Thanks for the puns, too.

  • pfdietz 10 hours ago

    One of the proposals for exploiting zero (or negative) electricity prices is storage of the heat at high temperature in refractory solids. This would be used by people who normally burn a fuel for the heat. Instead, they can preheat air and reduce the fuel needed (perhaps reduced to zero).

    Firebrick works up to about 1000 C. A spinoff from MIT is using special nickel-doped chromium oxide (chromia) bricks, which can work up to 1800 C, about the temperature of a natural gas-air flame. These bricks are electrically conductive and can act as their own heating elements.

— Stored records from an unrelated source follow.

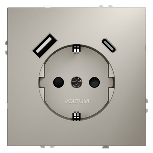 Универсальное и современное решение для дома, офиса или общественных помещений — встраиваемая розетка VOLTUM S70 (VLS040503) сочетает в себе евро-розетку с заземлением, защитные шторки и двойной USB-порт (тип A + тип C) для быстрой зарядки гаджетов.
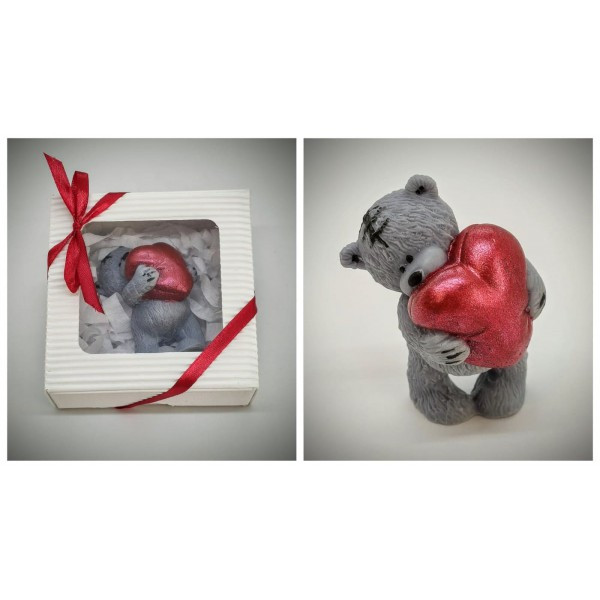 Szappan - szürke maci - piros szívvel -  díszdobozban
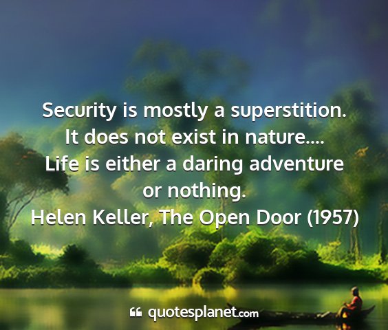 Security is mostly a superstition. It does not exist in nature.... Life is either a daring adventure or nothing.Helen Keller, The Open Door (1957)
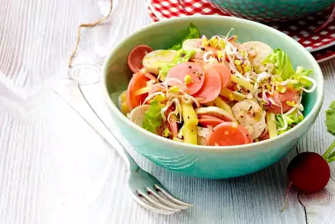 Cheese And Sausage Salad With Sweet And Sour Radishes
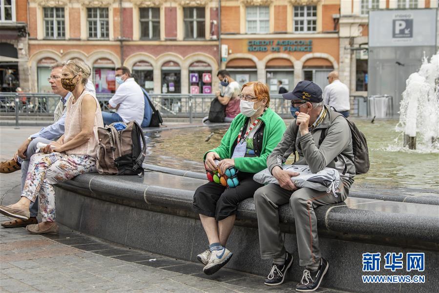 8月3日,人们佩戴口罩坐在法国北部城市里尔市中心一处喷泉旁。 随着复工复产进一步推进,法国疫情近期出现反弹,里尔等城市从3日起强制施行“口罩令”,民众在人行道、公园等部分户外公共场所必须佩戴口罩。 新华社发(塞巴斯蒂安·库尔吉摄)
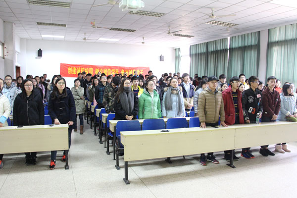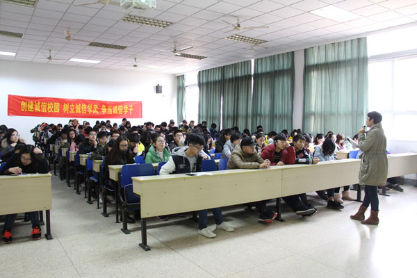在理工学科楼103教室召开诚信考试教育动员大会。学院党总支副书记张杰、分团委书记张文文,辅导员卢艳梅及2016级全体新生参加。
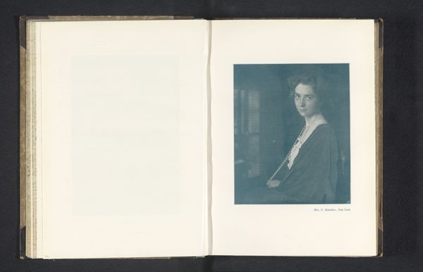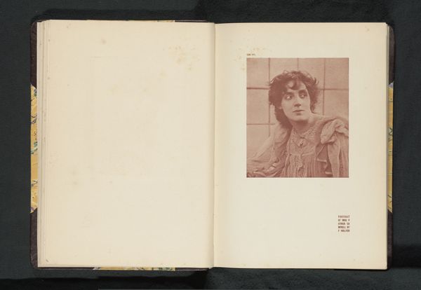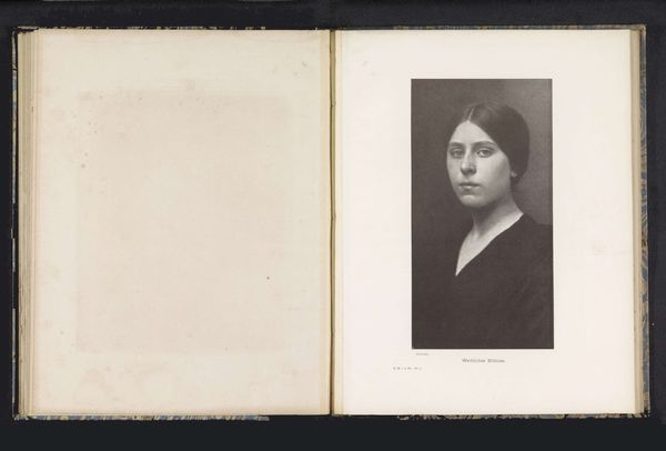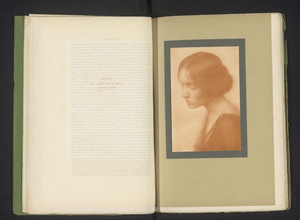 Editor: This is "Portrait of an Unknown Woman," taken before 1905, possibly by Will A. Cadby. It’s an albumen print, presented within the pages of what looks like a sketchbook. I’m really drawn to the aged paper and its texture. What strikes you about this particular piece? Curator: I’m immediately thinking about the material conditions of photographic production at the turn of the century. Albumen prints, for example, were commercially produced using egg whites. Think about the labor involved in producing the print and its social implications, who had access, how the mass consumption of photography affected perceptions. Editor: So, you’re saying we need to consider not just the image itself but also how it was physically created and consumed? Curator: Exactly. The choice of albumen impacts the image itself and creates value and a record. Furthermore, placing it in a book elevates it. I see a tension here between the intimacy of a sketchbook, potentially handmade paper even, and the commercially viable process of albumen printing. What kind of status does the book confer onto what might have otherwise just been a commercial print? Does this format challenge the mass-produced nature? Editor: That's a really interesting point. I was just focused on the aesthetic qualities of the photograph, like the soft focus and the vintage feel but what you point out suggests that the way in which the image was produced has meaning itself. Curator: Right. We could delve deeper, looking at things like who owned the sketchbook and what it tells us about their relationship to both artistic and photographic practices. Consider how this work challenges traditional art categories, blurring photography and “craft”. What have you learned from our discussion? Editor: That paying attention to materials, processes and presentation format can greatly broaden the interpretation of an image. Thanks! Curator: Indeed! Examining those qualities reveals fascinating questions about the photograph’s social context and value.

    https://www.fastcompany.com/91129126/these-bricks-conduct-el...

    https://electrifiedthermal.com/

    https://dspace.mit.edu/handle/1721.1/130800

  • cdchn 16 hours ago

    I hate to say this, but why aren't the Bitcoin miners jumping all over that?

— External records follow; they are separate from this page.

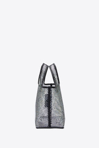 Mini market tote is a playful take on a lunch bag, realized in crystal mesh. With a silver-tone metal logo plaque. - 100% Polyurethane - Height: 8" - Width: 13" - Depth: 5" - Handle Drop: 4.5
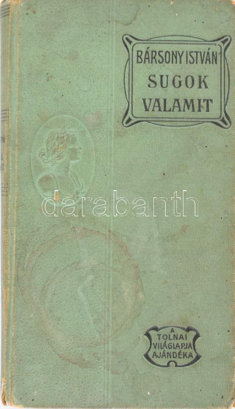Leírás: Bársony István: Sugok valamit. Elbeszélések. Bp.,[1908],Magyar Kereskedelmi Közlöny, 136 p. Kiadói egészvászon-kötés, kopott, foltos borítóval, a gerincen kis sérüléssel, foltos lapokkal.
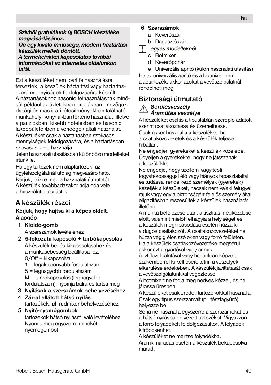 Szívbõl gratulálunk új BOSCH készüléke megvásárlásához. Ön egy kiváló minõségû, modern háztartási készülék mellett döntött. A termékeinkkel kapcsolatos további információkat az internetes oldalunkon talál. Ezt a készüléket nem ipari felhasználásra tervezték, a készülék háztartási vagy háztartásszerû mennyiségek feldolgozására készült. A háztartásokhoz hasonló felhasználásnak minõsül például az üzletekben, irodákban, mezõgazdasági és más ipari létesítményekben található munkahelyi konyhákban történõ használat, illetve a panziókban, kisebb hotelekben és hasonló lakóépületekben a vendégek általi használat. A készüléket csak a háztartásban szokásos mennyiségek feldolgozására, és a háztartásban szokásos ideig használja. Jelen használati utasításban különbözõ modelleket írtunk le. Ha egy tartozék nem alaptartozék, az ügyfélszolgálatnál utólag megvásárolható. Kérjük, õrizze meg a használati útmutatót. A készülék továbbadásakor adja oda vele a használati utasítást is.
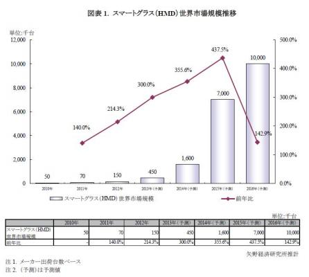 ◆ 2013 年スマートグラスの世界市場規模は45 万台を予測、2016 年は1,000 万台規模に
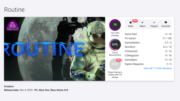Майже 15 років троє завзятих британців зі студії Lunar Software працювали над науково-фантастичним горором ROUTINE і ось нарешті допрацювали. Критики західних видань розділилися на два лагеря, на OpenCritic оцінка склала 79 балів на основі 11 оглядів.
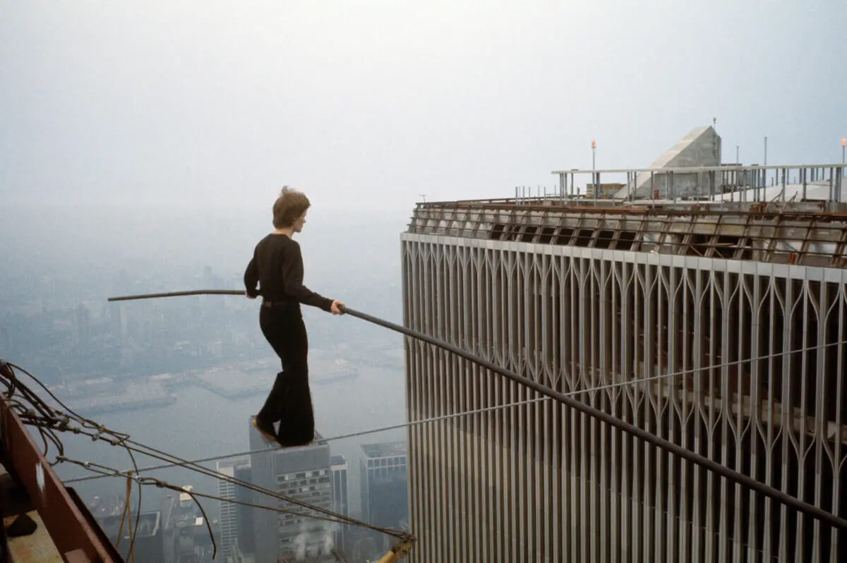 Este agosto se cumple el 50 aniversario del paseo de Philippe Petit por las Torres Gemelas de Minoru Yamasaki. Era una calurosa mañana de verano en el bajo Manhattan, artista Caminando de puntillas sobre un cable de ¾ de pulgada suspendido a 1,368 pies del suelo, cruzó los 130 pies entre dos rascacielos, no una, sino varias veces. Eso fue el 7 de agosto de 1974. Neoyorquino Observaron con gran asombro cómo Pettit caminaba de un lado a otro entre las torres, Actuación «Doblaciones de rodillas y otras acrobacias», p. informe atravesar New York Times. Todo el incidente duró unos inolvidables 45 minutos.

    • slt2021 11 hours ago

      Related: Bitcoin miner RIOT made $32 mln by reducing or being willing to reduce if needed — its energy use consumption.

      https://www.texastribune.org/2024/01/03/texas-bitcoin-profit...

      A company such as Riot also can profit by buying power at negotiated rates ahead of time — retail power companies allow big companies to lock in prices that way — then selling it back into the state market when energy prices soar during extreme heat or cold. In Riot’s case, when electricity prices soared during the summer heat wave, Riot sold power back to TXU, a Dallas-based electricity provider, which sold it back to the grid.

      But if the value of Bitcoin is low and the cost of electricity is high, crypto companies can make more money selling power than mining Bitcoin. In August 2023, Riot reported selling 300 Bitcoins for a net proceeds of $8.6 million. Meanwhile, the company said it earned $24.2 million in credits to its electric bill for selling power back to the grid.

    • applied_heat 14 hours ago

      Because the mining equipment is expensive and the duration of free electricity intervals are outweighed by expensive electricity intervals

    • throwup238 14 hours ago

      Metal foundries in Europe generally have dibs with large, long term power purchasing contracts. IIRC there's even some legislation that favours them since they're a national security resource.

    • niklasbuschmann 14 hours ago

      I assume there are taxes and transmission fees on top of the spot electricity price

      • jagrsw 3 hours ago

        Yup, in one of eu countries i have it on my bill: it's ~0.10EUR/kWh electricity and additional ~0.15-0.20EUR/kWh for taxes + transmission + maintenance, IIRC

  • Someone 16 hours ago

    Free power doesn’t mean free production.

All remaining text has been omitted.